*** Opening Records shown ***
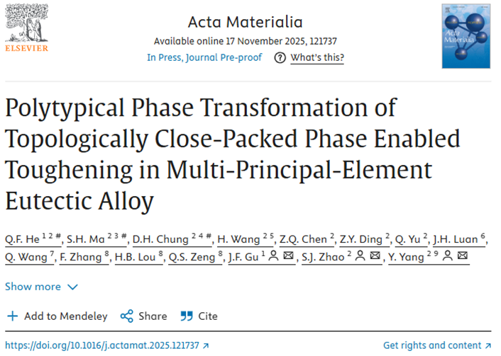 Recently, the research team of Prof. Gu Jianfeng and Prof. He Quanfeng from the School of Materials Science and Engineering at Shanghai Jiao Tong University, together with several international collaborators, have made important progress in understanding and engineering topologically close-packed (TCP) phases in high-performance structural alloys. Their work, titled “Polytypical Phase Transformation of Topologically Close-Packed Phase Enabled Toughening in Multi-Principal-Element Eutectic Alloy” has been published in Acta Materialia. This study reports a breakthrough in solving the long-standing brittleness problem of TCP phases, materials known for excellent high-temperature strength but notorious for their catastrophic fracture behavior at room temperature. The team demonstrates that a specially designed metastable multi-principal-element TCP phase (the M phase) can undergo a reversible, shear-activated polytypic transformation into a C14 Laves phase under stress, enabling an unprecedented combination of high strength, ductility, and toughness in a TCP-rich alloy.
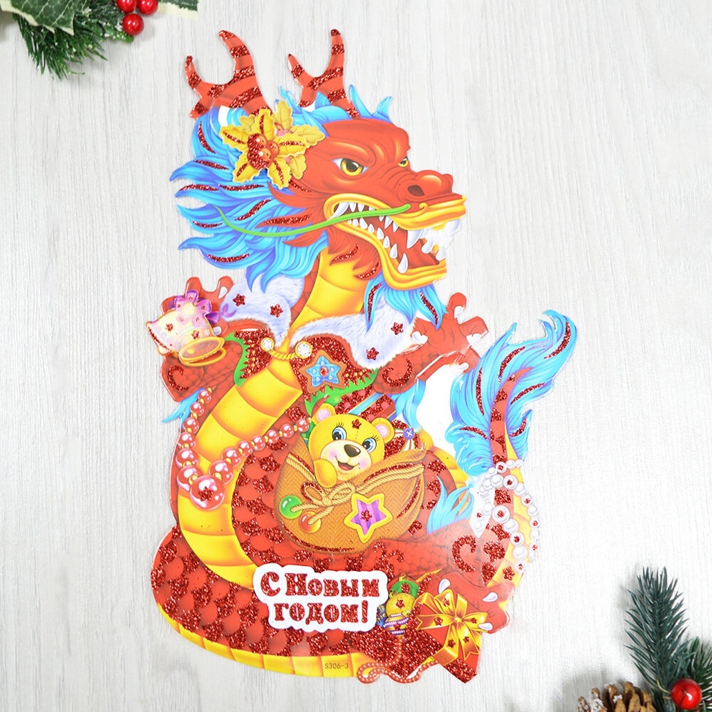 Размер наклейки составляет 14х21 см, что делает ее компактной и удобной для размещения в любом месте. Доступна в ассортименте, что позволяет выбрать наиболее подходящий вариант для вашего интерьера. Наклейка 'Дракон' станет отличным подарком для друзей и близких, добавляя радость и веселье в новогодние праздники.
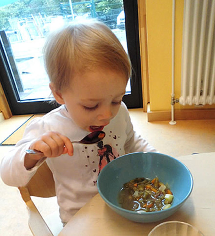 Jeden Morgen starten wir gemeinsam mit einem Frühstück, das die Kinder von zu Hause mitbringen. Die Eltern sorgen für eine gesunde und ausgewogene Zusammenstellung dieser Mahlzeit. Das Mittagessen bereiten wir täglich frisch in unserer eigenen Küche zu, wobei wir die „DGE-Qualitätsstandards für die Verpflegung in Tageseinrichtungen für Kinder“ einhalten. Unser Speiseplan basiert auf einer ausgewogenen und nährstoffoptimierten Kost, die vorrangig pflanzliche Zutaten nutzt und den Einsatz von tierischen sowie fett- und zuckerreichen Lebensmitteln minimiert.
*** Closing Records shown ***
*** Opening Records shown ***
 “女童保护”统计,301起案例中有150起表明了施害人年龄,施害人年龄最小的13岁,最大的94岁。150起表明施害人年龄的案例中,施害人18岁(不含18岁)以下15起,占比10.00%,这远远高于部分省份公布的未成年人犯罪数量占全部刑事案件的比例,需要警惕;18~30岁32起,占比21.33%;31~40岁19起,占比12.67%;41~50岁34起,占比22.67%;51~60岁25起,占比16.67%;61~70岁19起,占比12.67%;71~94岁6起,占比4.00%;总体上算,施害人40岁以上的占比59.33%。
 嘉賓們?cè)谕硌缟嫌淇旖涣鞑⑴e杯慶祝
*** Closing Records shown ***
Try it — Please return the material above only from the line that holds "Recently, the research" through the line that holds "Размер наклейки составляет", exactly as it stands, ends included and pictures omitted.

Your response —
 Recently, the research team of Prof. Gu Jianfeng and Prof. He Quanfeng from the School of Materials Science and Engineering at Shanghai Jiao Tong University, together with several international collaborators, have made important progress in understanding and engineering topologically close-packed (TCP) phases in high-performance structural alloys. Their work, titled “Polytypical Phase Transformation of Topologically Close-Packed Phase Enabled Toughening in Multi-Principal-Element Eutectic Alloy” has been published in Acta Materialia. This study reports a breakthrough in solving the long-standing brittleness problem of TCP phases, materials known for excellent high-temperature strength but notorious for their catastrophic fracture behavior at room temperature. The team demonstrates that a specially designed metastable multi-principal-element TCP phase (the M phase) can undergo a reversible, shear-activated polytypic transformation into a C14 Laves phase under stress, enabling an unprecedented combination of high strength, ductility, and toughness in a TCP-rich alloy.
 Размер наклейки составляет 14х21 см, что делает ее компактной и удобной для размещения в любом месте. Доступна в ассортименте, что позволяет выбрать наиболее подходящий вариант для вашего интерьера. Наклейка 'Дракон' станет отличным подарком для друзей и близких, добавляя радость и веселье в новогодние праздники.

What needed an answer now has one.